-- Opening Marker --

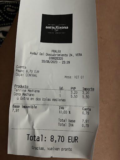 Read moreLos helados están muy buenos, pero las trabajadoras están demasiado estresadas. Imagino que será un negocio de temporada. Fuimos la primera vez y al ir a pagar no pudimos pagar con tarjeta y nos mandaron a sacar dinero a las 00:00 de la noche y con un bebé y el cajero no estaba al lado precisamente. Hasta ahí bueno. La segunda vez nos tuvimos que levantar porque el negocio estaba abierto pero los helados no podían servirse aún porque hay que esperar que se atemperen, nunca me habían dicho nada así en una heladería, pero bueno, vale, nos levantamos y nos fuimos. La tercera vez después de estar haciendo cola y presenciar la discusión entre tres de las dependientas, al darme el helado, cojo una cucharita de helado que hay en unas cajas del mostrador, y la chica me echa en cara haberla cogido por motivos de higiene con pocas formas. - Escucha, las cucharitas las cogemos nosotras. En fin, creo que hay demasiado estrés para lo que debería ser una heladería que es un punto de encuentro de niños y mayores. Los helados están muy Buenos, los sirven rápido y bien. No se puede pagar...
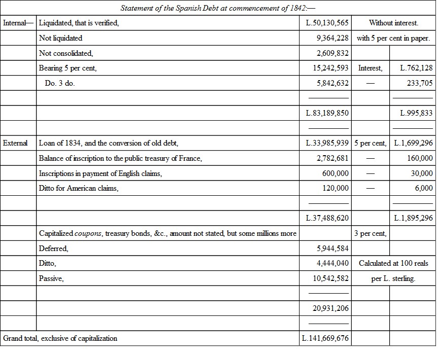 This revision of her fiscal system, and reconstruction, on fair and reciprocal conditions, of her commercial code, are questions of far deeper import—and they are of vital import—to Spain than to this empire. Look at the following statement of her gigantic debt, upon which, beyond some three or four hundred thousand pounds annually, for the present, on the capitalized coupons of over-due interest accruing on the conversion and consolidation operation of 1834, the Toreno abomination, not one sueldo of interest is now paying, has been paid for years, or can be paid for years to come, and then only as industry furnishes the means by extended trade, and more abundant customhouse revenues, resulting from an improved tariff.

-- Closing Marker --
-- Opening Marker --

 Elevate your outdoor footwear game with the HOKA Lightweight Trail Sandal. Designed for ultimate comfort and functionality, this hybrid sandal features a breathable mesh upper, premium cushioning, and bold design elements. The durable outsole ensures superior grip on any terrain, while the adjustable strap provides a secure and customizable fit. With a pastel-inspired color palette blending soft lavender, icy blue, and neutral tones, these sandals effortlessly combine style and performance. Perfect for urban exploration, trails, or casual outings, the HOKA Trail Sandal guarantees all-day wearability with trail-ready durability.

-- Closing Marker --

Problem to work on:
Reproduce exactly the lines above starting at the line containing "Read moreLos helados" and ending at the line containing "This revision of", including both, but not the pictures.

Answer below:
 Read moreLos helados están muy buenos, pero las trabajadoras están demasiado estresadas. Imagino que será un negocio de temporada. Fuimos la primera vez y al ir a pagar no pudimos pagar con tarjeta y nos mandaron a sacar dinero a las 00:00 de la noche y con un bebé y el cajero no estaba al lado precisamente. Hasta ahí bueno. La segunda vez nos tuvimos que levantar porque el negocio estaba abierto pero los helados no podían servirse aún porque hay que esperar que se atemperen, nunca me habían dicho nada así en una heladería, pero bueno, vale, nos levantamos y nos fuimos. La tercera vez después de estar haciendo cola y presenciar la discusión entre tres de las dependientas, al darme el helado, cojo una cucharita de helado que hay en unas cajas del mostrador, y la chica me echa en cara haberla cogido por motivos de higiene con pocas formas. - Escucha, las cucharitas las cogemos nosotras. En fin, creo que hay demasiado estrés para lo que debería ser una heladería que es un punto de encuentro de niños y mayores. Los helados están muy Buenos, los sirven rápido y bien. No se puede pagar...
 This revision of her fiscal system, and reconstruction, on fair and reciprocal conditions, of her commercial code, are questions of far deeper import—and they are of vital import—to Spain than to this empire. Look at the following statement of her gigantic debt, upon which, beyond some three or four hundred thousand pounds annually, for the present, on the capitalized coupons of over-due interest accruing on the conversion and consolidation operation of 1834, the Toreno abomination, not one sueldo of interest is now paying, has been paid for years, or can be paid for years to come, and then only as industry furnishes the means by extended trade, and more abundant customhouse revenues, resulting from an improved tariff.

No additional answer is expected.